L'obligation s'applique pareillement aux professionnels de santé qui formuleraient des soupçons suite à un examen de l'enfant. Bien qu'ils soient tenus au secret professionnel et que la violation de ce dernier entraîne une peine « d'un an d'emprisonnement et de 15.000 euros d'amende » (article 226-13 du Code pénal), les suspicions de maltraitance dérogent à cette règle, comme stipulé par l'article 226-14 du Code pénal et par le Code de déontologie médicale :

  • « Le médecin doit être le défenseur des droits de l'enfant lorsqu'il estime que l'intérêt de sa santé est mal compris ou mal préservé par son entourage » (article 43) ;

  • « Lorsqu'un médecin discerne qu'une personne auprès de laquelle il est appelé est victime de sévices ou de privations, il doit mettre en œuvre les moyens les plus adéquats pour la protéger en faisant preuve de prudence et de circonspection. S'il s'agit d'un mineur de quinze ans ou d'une personne qui n'est pas en mesure de se protéger en raison de son âge ou de son état physique ou psychique il doit, sauf circonstances particulières qu'il apprécie en conscience, alerter les autorités judiciaires, médicales ou administratives » (article 44).

Faut-il porter plainte ?

Si le signalement est de mise, le dépôt de plainte contre X ou le coupable identifié n'est pas obligatoire pour signaler la connaissance de faits plaçant un mineur en danger. Néanmoins, un tiers qui aurait eu connaissance des faits ou auquel l'enfant se serait confié ou une association de défense des mineurs peut choisir de saisir la justice pour faire appliquer les sanctions pénales qui s'imposent contre l'auteur des préjudices subis par l'enfant.

La victime, même mineure, est libre de porter plainte si elle le souhaite sans avoir à demander l'accord de ses parents.

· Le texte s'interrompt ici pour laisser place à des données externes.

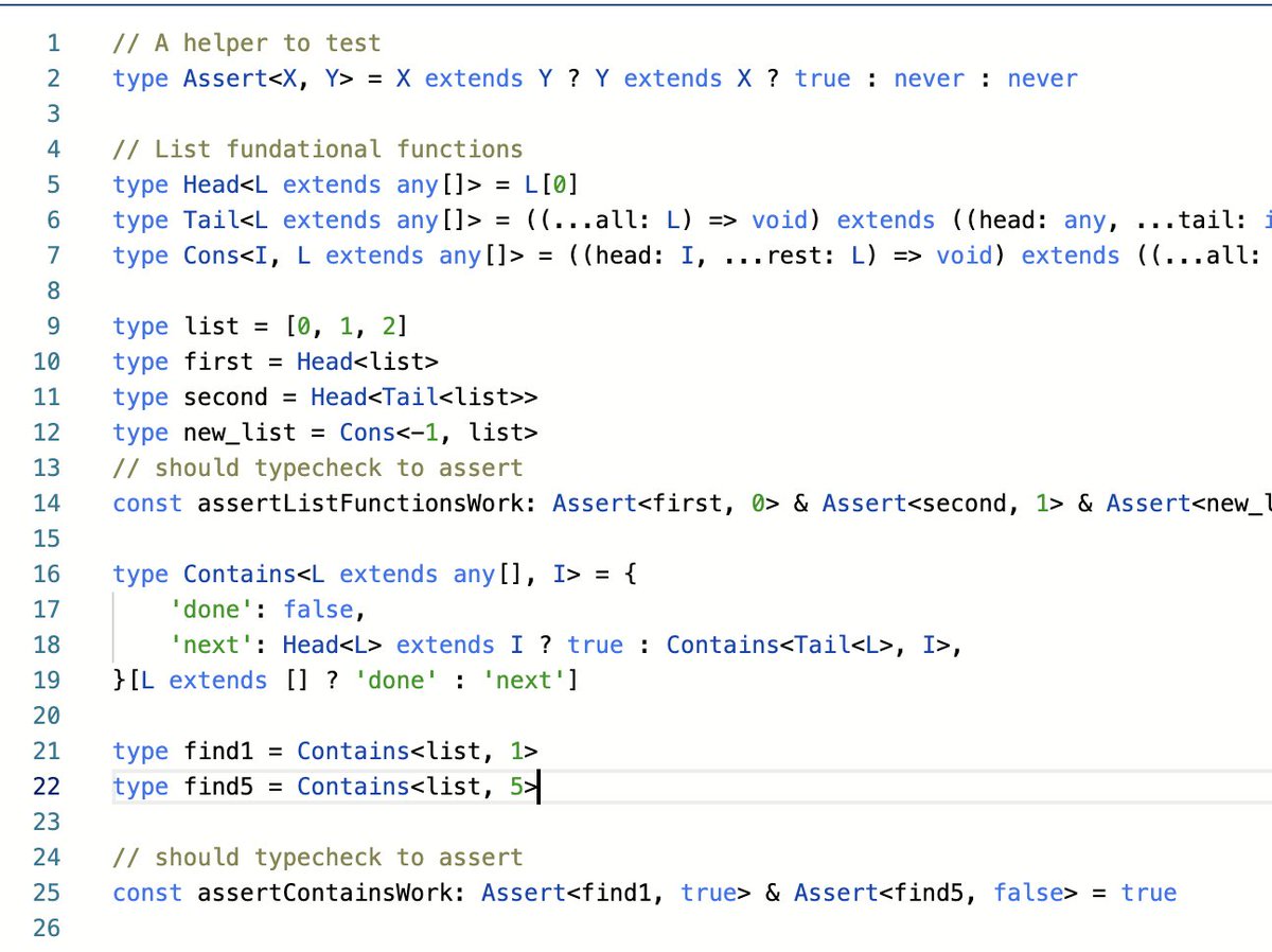 Worked out a way to abuse TypeScript's type-checker to perform arbitrary computations on lists of values. All in the type-system! https://www.typescriptlang.org/play/index.html?ssl=22&ssc=1&pln=23&pc=1#code/PTAEEFQCwUwGwA4wE6gC4Ht0wM5oFBoCeSEOOKaAPABoA0oAmgHygC8oNoMAHmjADsAJjiagA-GN79horpLTIArjFAAuUAJgA3FOs06U+fCFAAZAJZ5QAMyXCAhmgsYBDuLfsBjZ65yESVQAJGAchKjNuPkERUAcBIgBtAF1WDjNEgAZkgNIAFQcLOAiomVj4pNT2UAAKGoA6Rvc4DTMASnZWbQwLIQ7pGNE62DCNCoZG+rRCltALARs9AqKOti6evolQZY8NLV1kXNUAYT8qAEkGSIHZOISUtNqakaENS9BJ5Fw0VtX13v60VudUmzQ080WqAAcu1OqBugCtjD9PsjEdQHArGhqlkGABGBgAJhyxFINgsyGsHBCYSomLwzHRFC8riE1Rp4R2dKxzEZpNUWgA7gB9enYjinAQ4KgAWgJGJ5JjAOCgGCUcDZ-K8sC8AGt0FgHORKPgWVLsUaKMg0JY8AAxby+KUAdQwyF1GnAxutVHJlLQDEyrAAZGQrdRmaz8SGw5QqELRViGIk5YH8USqhxFCpjPzQJLpvNpdcgeV7skGOdHgBvfCgeugADkQlcMEbGhs7godDrDcbWj47dAHIirBusXOW2zqg0BcKUqoXLMzErK-wAF9EiWyqIUltm63G-p+9JGzl0eThHjqnOi9y8NGL-MhABWG+uQsLsUMF+MpWgFU1Q1dBAm1GA9QNOJvQIM1rEtShbxdN0PVjH1LyEeVpxjL1w19Z8XwYTs4AoR5p3wIA …pic.twitter.com/rAFxjrQ66L

La démarche peut être confiée à ses parents ou tuteurs si elle rechigne à s'y présenter seule, ou se faire de façon manuscrite dans un courrier adressé au procureur de la République.

En cas d'actes de maltraitance difficiles à démontrer, le recours à une agence de détectives privés permettra d'apporter les preuves légales du préjudice infligé au mineur et de faire respecter les droits de l'enfance : photographies, témoignages, discussions avec les proches de l'enfant, filatures, etc.